“Kemudian peningkatan kualitas kesehatan masyarakat, menurunkan angka kematian ibu dan anak, pencegahan dan penanganan stunting serta meningkatkan angka harapan hidup. Termasuk tersedianya 56 unit ambulan dan mobil jenazah gratis untuk masyarakat,” ungkapnya.
Selain itu, lanjut Bupati, Pemkab Semarang mampu mendorong peningkatan kepesertaan BPJS Kesehatan hingga mencapai 88,23 persen dari target 95 persen.

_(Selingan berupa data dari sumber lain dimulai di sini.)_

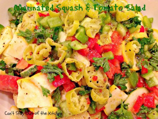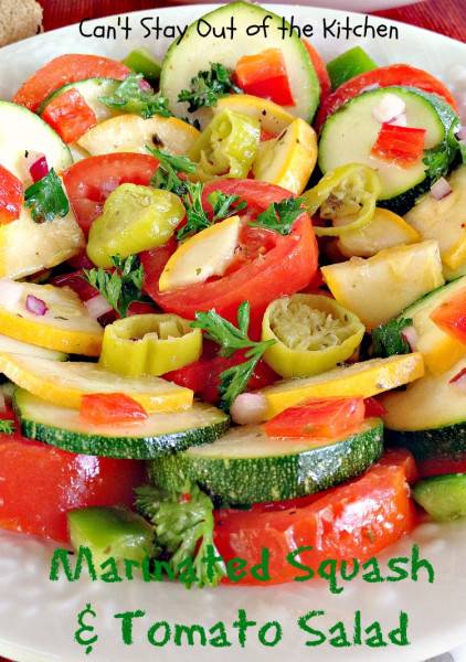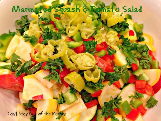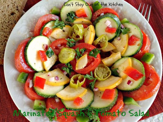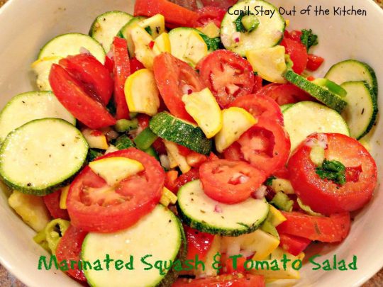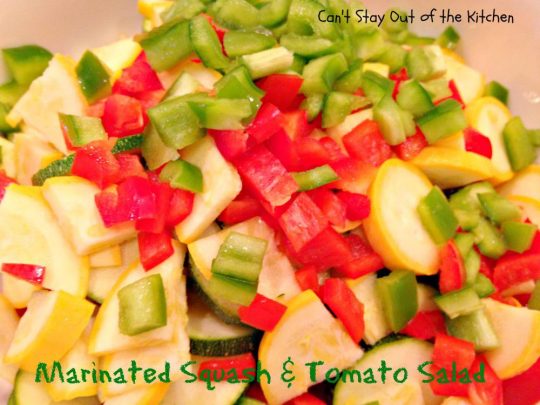 Marinated Squash and Tomato Salad is fantastic! It’s filled with all kinds of garden veggies.
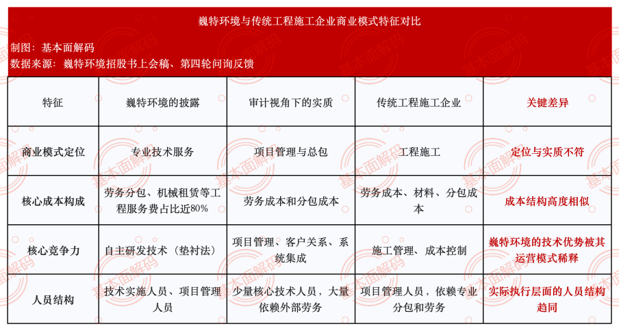 巍特环境在申报文件中或极力将自身塑造为一家以自主研发技术为核心的、轻资产的“专业服务型企业”。然而,基本面解码对其成本结构和业务执行模式的深入剖析揭示了其商业模式的另一面:一个或高度依赖劳务分包、在运营上更接近传统工程承包商的实体。这种定位与实质之间或存矛盾,公司在招股书的对比表中试图从业务场景、技术含量等维度将自身与传统工程施工企业区分开来,然而,最能反映业务实质的成本结构却讲述了不同的故事。

Kemudian penurunan prevalensi stunting di Kabupaten Semarang pada tahun 2022 menjadi sebesar 4,61 persen, dengan jumlah balita hybrid peserta sebanyak 13.609 orang.
“Di bidang ekonomi, antara lain diwujudkan dengan pemberian bantuan modal kepada 2.666 UMKM, pemberian BLT kepada tukang ojek, 518 nelayan dan 75 operator perahu wisata di Danau Rawapening. Juga menghibahkan 20 pasar tradisional kepada desa untuk dikelola oleh BUMDes, penyelenggaraan pelatihan kerja untuk disalurkan ke sejumlah perusahaan garmen d Kabupaten Semarang,” paparnya.
Melalui kerja keras dalam mendorong pemulihan perekonomian, kata Bupati, Kabupaten Semarang mampu mencatatkan pertumbuhan ekonomi positif di tahun 2022, yakni mendekati pertumbuhan ekonomi Jawa Tengah Triwulan III sebesar 5,28 persen.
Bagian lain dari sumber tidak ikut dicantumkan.